Ultimaker / Cura

3D printer / slicing GUI built on top of the Uranium framework
GNU Lesser General Public License v3.0
6.18k stars 2.08k forks source link

Very slow loading big STL files #10696

Closed ANTONIOPSD closed 2 years ago

ANTONIOPSD commented 3 years ago

Application Version

4.11

Platform

Windows 10 x64

Printer

Creality CR6-SE

Reproduction steps

I print lithophanes and some of them are +1.5gb big and when I try to lead them in Cura, it just crashes after trying to load thm for more than 5 minutes at 100% cpu, I can load them in Simplify3D in less than 40 seconds with no problems at all and also they get sliced in less than 30 seconds.
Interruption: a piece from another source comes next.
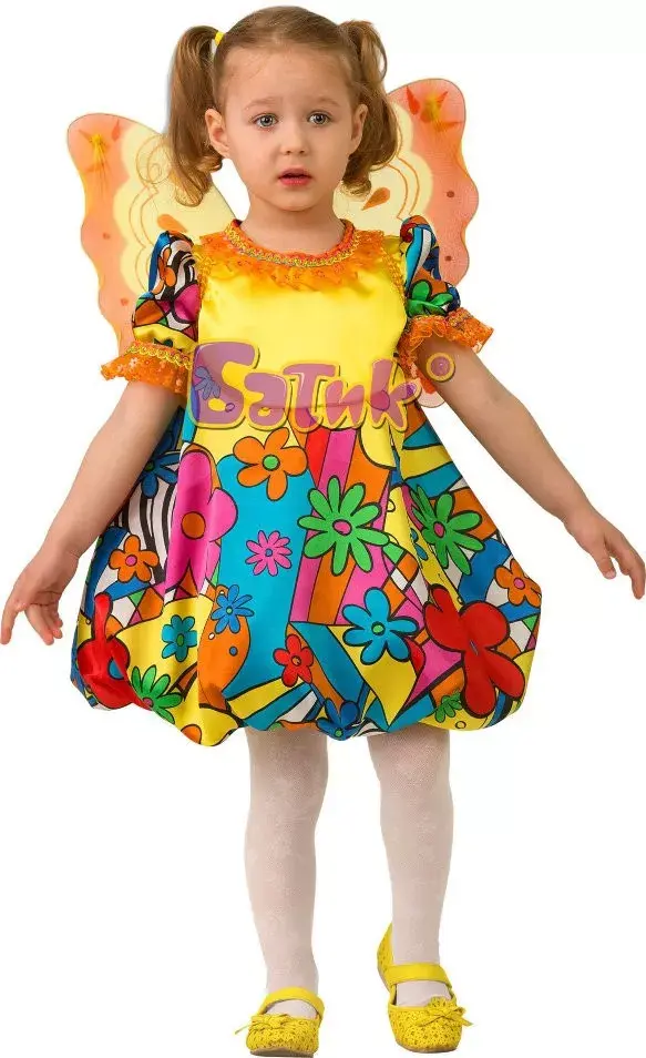Яркая красавица-бабочка станет желанным образом для многих девочек. Оригинальный красочный костюм подойдет для различных мероприятий, таких как новогодняя елка, детский спектакль, бал-маскарад, тематический праздник. Костюм Бабочка состоит из пышного разноцветного платья и крылышек.
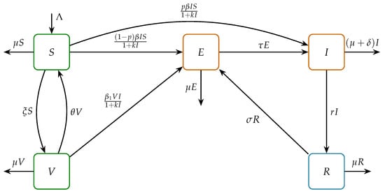 In this section, we describe the numerical simulations conducted to elucidate the dynamic behavior of the proposed SVEIR with the reinfection model, which incorporates the saturated infection rate and imperfect vaccination. We generate numerical simulations using the fourth-order Runge–Kutta method with a step size of . The parameters used are shown in Table 1.

I also create complex parts for some devices and the take less than 10 seconds to load and slice in Simplify3D but in Cura sometimes they take up to a minuto to load and slice with almost the same settings.

Is there any plans to upgrade the loading process and make it faser like some other slicers like Simplify3D?

STEPS:

Load a +1GB STL file

Actual results

Load a +1gb stl, hangs for some minutes at 100% cpu and crash or take ages to load

Expected results

Load a +1GB file, load fast.

Checklist of files to include

Additional information & file uploads

I just want to fully move to Cura and stop using other outdated slicers, but the speed difference with the same hardware is way too slow in cura.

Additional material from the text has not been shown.